Plaintiffs further allege that expert testimony will show that the raw data used by Dr. Glick does not support her conclusion that Craig was unfit, that she relied on tests that were inappropriate for fitness for duty examinations, and that there were tests she could have used but did not, to address any alleged concerns. FAC ¶ 72. Plaintiffs allege that this was because Dr. Glick was looking for any reason to find Craig unfit. Id.

Accordingly, taking Plaintiffs' factual allegations as true, which the Court must do at this stage, the Court denies Dr. Glick's motion to dismiss because Plaintiffs have alleged sufficient facts to support § 1983 liability against Dr. Glick as a state actor.

2. Defendant's motion to strike Plaintiffs' claims for punitive damages against Dr. Glick is denied

The Ninth Circuit has stated that: "`[i]t is well-established that a `jury may award punitive damages under section 1983 either when a defendant's conduct was driven by evil motive or intent, or when it involved a reckless or callous indifference to the constitutional rights of others."'" Dang v. Cross, 422 F.3d 800, 807 (9th Cir. 2005). Further, "clear, malicious, wanton, or oppressive acts or omissions are within the boundaries of traditional tort standards for assessing punitive damages and foster `deterrence and punishment over and above that provided by compensatory awards.'" Dang, 422 F.3d at 807 (quoting Smith v. Wade, 461 U.S. 30, 45 n.12, 54 (1983)).

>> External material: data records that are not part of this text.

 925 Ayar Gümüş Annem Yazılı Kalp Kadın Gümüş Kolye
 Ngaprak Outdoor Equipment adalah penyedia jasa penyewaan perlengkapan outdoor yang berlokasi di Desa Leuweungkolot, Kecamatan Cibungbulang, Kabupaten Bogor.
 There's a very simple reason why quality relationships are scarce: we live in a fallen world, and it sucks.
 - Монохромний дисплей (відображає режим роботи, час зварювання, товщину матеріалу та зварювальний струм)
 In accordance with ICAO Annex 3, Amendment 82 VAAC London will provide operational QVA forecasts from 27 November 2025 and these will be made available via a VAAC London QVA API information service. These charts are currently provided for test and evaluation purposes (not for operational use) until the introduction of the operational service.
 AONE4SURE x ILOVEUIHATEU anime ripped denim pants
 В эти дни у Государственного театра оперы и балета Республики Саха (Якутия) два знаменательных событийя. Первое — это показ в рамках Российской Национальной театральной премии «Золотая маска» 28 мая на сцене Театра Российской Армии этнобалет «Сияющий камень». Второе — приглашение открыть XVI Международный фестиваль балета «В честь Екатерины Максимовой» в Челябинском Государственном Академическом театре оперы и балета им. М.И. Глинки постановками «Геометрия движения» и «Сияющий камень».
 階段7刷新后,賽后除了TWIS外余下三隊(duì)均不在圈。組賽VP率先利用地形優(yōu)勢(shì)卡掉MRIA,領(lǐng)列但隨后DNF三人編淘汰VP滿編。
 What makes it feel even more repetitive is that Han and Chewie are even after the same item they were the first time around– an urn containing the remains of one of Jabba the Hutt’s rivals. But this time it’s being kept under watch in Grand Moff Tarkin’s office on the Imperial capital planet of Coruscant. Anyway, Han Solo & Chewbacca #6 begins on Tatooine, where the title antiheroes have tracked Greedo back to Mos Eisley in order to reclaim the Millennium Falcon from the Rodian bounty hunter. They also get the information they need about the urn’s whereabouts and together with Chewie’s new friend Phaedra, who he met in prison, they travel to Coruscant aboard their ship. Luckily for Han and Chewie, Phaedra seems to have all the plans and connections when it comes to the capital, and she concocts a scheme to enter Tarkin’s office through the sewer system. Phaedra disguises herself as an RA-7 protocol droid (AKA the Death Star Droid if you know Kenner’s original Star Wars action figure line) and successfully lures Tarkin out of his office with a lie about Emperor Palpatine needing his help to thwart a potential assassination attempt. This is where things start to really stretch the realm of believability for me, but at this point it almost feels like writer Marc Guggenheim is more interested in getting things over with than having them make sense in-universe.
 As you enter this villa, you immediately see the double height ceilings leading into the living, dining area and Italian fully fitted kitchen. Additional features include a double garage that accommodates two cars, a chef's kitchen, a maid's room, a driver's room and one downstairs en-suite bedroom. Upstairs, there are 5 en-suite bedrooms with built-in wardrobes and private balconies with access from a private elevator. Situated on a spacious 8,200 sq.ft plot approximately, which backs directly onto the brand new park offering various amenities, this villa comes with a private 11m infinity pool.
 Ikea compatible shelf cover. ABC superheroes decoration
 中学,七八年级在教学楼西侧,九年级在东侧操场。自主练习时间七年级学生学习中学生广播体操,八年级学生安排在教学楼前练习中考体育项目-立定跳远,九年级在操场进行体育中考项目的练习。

Here, the allegations against Dr. Glick, in particular, that she essentially tailored her report to the outcome that Baldiviez allegedly wanted by providing drafts of the report to Baldiviez and the City Attorney, are sufficient to show that Dr. Glick acted with at least reckless indifference. Thus, at the pleading stage, Plaintiffs's request for punitive damages survives a motion to strike.

Conclusion

Accordingly, Dr. Glick's motion to dismiss and/or strike is denied.

IT IS SO ORDERED.

FootNotes


1. Defendant moves to strike paragraphs 70 and 71 pertaining to Dr. Glick's examination of another police officer, arguing that these allegations add nothing to Plaintiffs' claims. These allegations are not "redundant, immaterial, impertinent or scandalous" to justify striking them under Federal Rule of Civil Procedure 12(f).